# [Try it]
Given these entries, repeat exactly the lines starting with the one that has "이번 행사는 지난 3월" and going on through the one that has "I was playing", both included, but none of the pictures.

== Source material

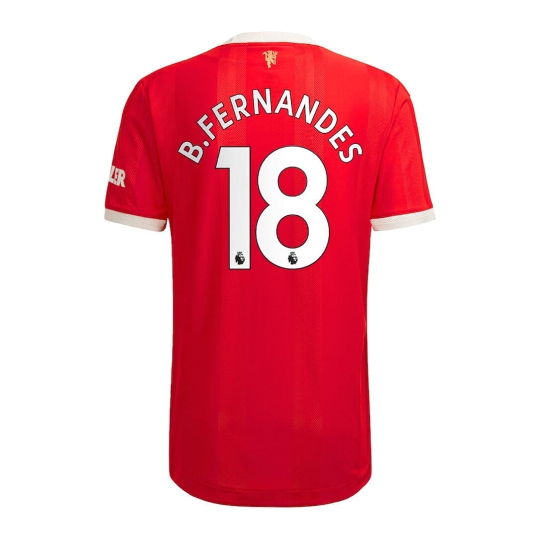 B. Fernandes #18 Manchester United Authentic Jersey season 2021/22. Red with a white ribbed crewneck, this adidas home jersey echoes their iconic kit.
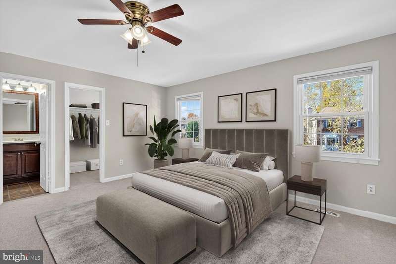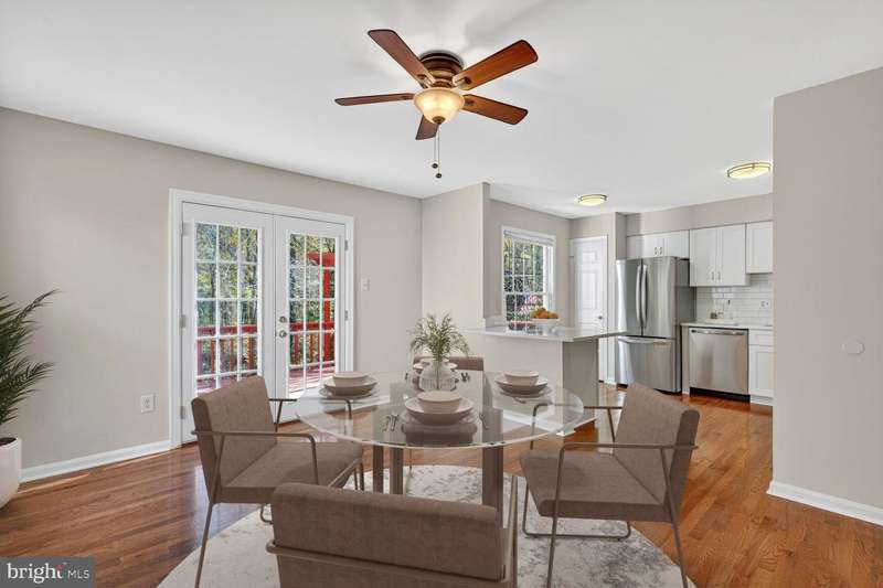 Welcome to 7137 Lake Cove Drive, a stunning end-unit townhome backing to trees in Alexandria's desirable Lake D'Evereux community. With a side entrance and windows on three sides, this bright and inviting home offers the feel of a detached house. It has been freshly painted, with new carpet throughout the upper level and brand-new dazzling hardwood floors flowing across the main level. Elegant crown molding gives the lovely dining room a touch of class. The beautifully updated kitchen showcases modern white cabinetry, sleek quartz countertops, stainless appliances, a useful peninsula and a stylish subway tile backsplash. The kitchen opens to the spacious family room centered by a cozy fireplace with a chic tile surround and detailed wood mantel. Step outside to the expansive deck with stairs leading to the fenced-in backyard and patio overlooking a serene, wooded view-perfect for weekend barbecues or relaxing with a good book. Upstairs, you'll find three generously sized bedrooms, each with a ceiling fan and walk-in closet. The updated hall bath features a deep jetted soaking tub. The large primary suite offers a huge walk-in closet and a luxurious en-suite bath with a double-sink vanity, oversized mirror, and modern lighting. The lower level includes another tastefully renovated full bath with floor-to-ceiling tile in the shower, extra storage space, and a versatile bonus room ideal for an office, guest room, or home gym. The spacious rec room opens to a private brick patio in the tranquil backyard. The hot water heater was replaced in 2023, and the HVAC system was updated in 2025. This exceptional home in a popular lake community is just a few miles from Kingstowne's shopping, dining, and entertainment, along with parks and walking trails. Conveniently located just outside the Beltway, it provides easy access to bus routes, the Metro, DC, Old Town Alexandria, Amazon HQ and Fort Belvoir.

====
== Source material

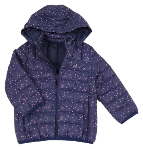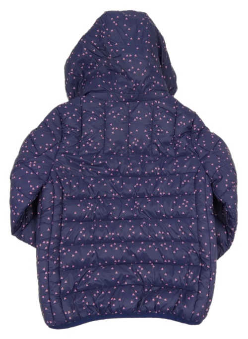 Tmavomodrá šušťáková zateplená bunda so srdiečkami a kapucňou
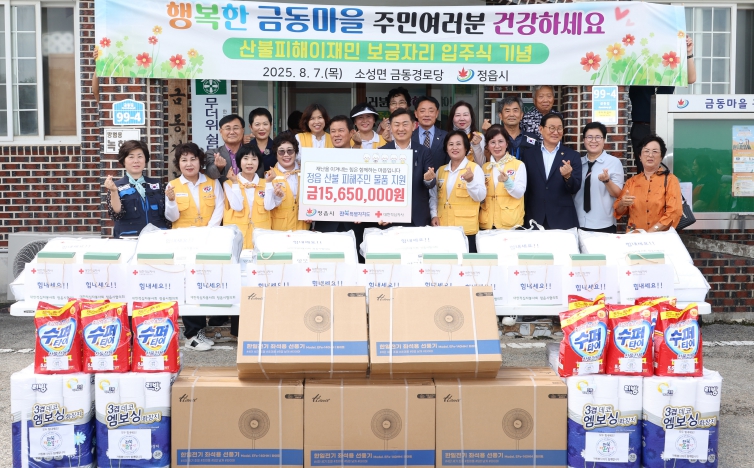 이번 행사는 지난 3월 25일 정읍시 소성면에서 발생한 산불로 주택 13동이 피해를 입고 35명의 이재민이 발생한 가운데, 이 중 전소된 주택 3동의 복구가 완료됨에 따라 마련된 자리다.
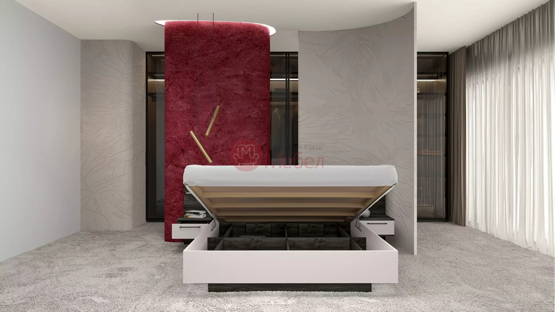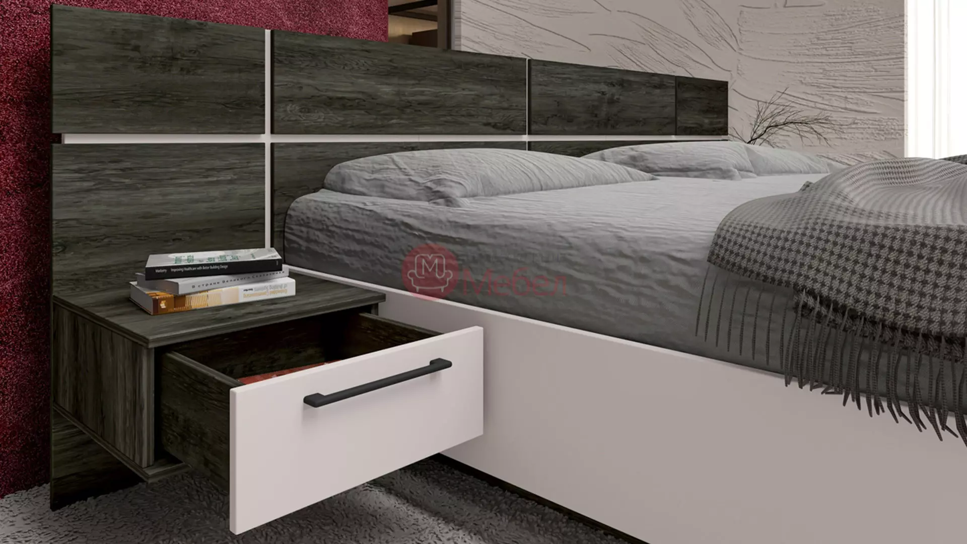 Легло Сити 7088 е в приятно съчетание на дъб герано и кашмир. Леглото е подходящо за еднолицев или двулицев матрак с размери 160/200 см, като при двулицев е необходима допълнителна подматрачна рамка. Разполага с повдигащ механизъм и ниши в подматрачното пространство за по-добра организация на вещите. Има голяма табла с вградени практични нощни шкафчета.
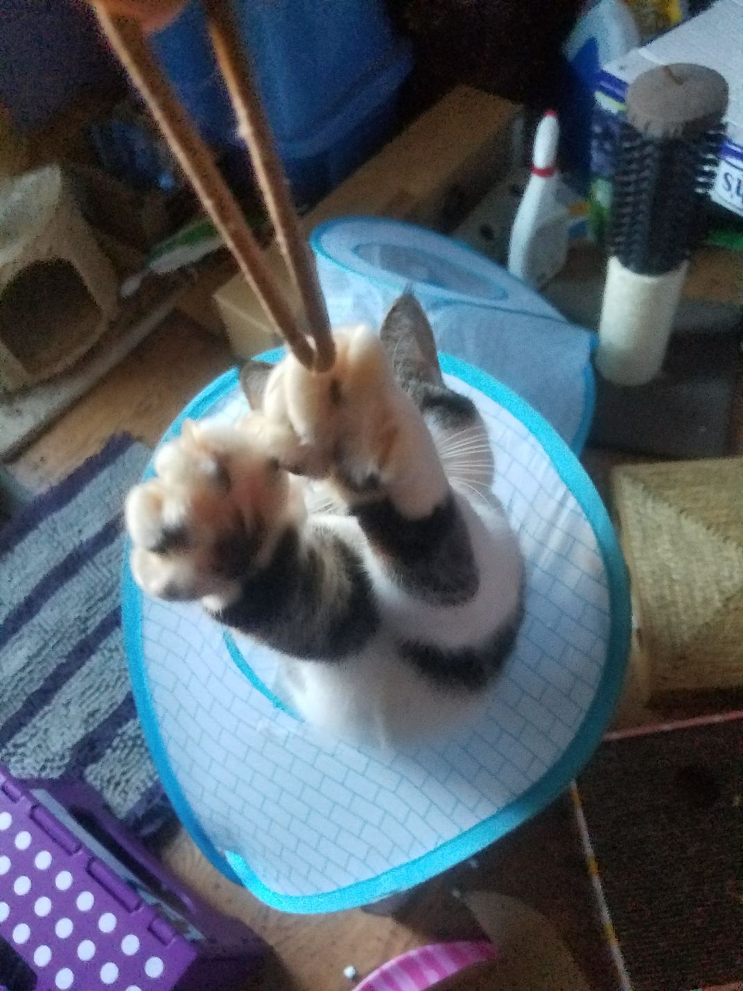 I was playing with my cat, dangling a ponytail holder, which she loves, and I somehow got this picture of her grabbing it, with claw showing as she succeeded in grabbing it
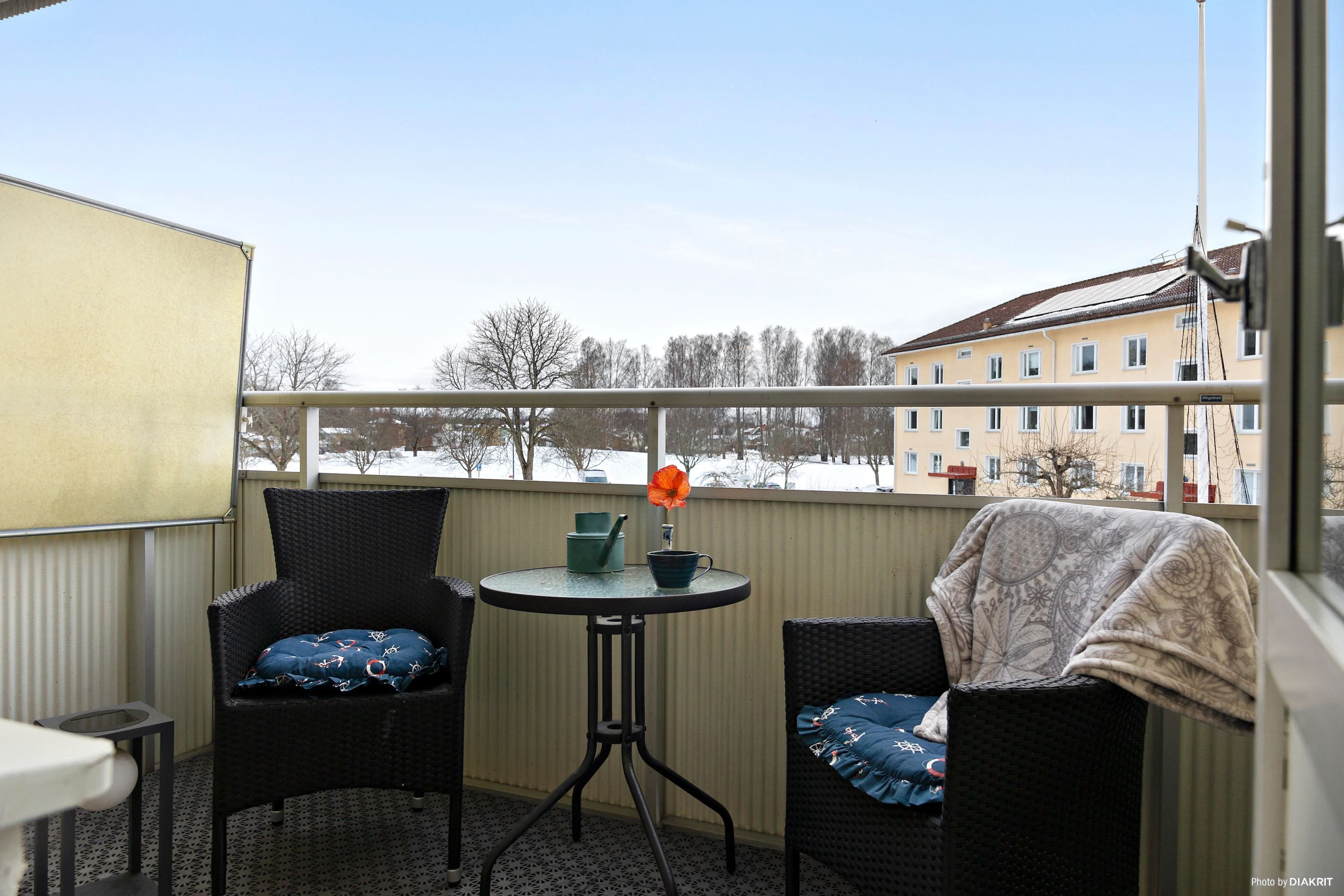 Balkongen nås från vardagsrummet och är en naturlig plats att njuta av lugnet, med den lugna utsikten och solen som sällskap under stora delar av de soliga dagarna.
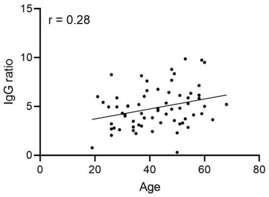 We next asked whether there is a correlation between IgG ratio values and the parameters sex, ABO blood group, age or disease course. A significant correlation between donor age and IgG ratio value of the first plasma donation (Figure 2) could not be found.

====
== Source material

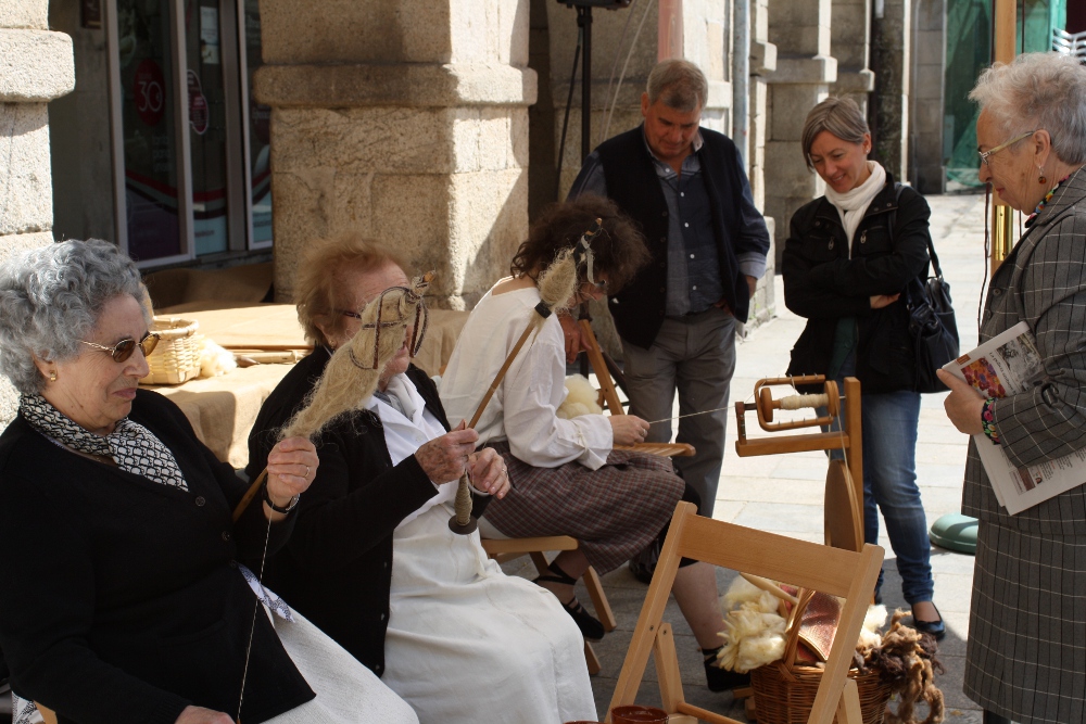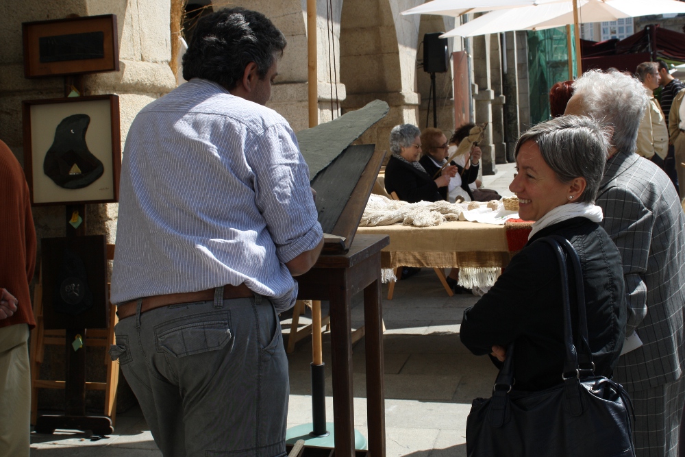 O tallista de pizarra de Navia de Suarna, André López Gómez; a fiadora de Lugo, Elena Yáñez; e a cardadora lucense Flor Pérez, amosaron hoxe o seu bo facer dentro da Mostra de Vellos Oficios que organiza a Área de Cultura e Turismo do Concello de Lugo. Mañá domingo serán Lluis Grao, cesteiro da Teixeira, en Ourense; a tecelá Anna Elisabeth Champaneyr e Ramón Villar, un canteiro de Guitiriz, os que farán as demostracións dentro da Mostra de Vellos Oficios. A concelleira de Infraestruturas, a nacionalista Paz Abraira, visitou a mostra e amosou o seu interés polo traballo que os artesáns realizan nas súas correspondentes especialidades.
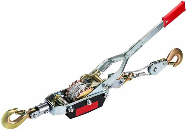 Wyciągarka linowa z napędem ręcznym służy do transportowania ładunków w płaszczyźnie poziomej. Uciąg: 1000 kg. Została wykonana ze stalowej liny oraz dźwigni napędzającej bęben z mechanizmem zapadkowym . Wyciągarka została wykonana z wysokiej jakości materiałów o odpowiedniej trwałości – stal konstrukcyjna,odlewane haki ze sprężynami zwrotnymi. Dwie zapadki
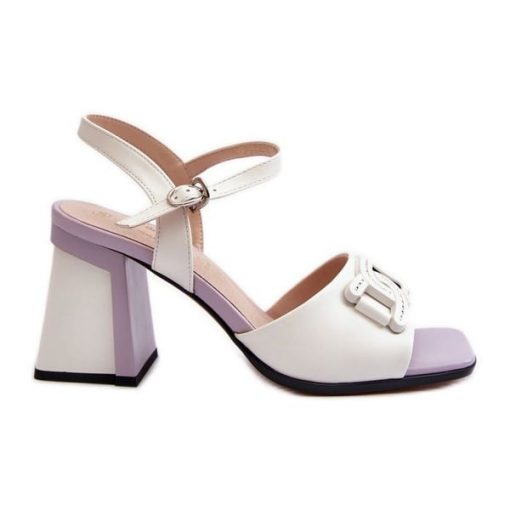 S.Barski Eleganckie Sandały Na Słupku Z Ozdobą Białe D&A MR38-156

====

# [Expected answer]
 이번 행사는 지난 3월 25일 정읍시 소성면에서 발생한 산불로 주택 13동이 피해를 입고 35명의 이재민이 발생한 가운데, 이 중 전소된 주택 3동의 복구가 완료됨에 따라 마련된 자리다.
 Легло Сити 7088 е в приятно съчетание на дъб герано и кашмир. Леглото е подходящо за еднолицев или двулицев матрак с размери 160/200 см, като при двулицев е необходима допълнителна подматрачна рамка. Разполага с повдигащ механизъм и ниши в подматрачното пространство за по-добра организация на вещите. Има голяма табла с вградени практични нощни шкафчета.
 I was playing with my cat, dangling a ponytail holder, which she loves, and I somehow got this picture of her grabbing it, with claw showing as she succeeded in grabbing it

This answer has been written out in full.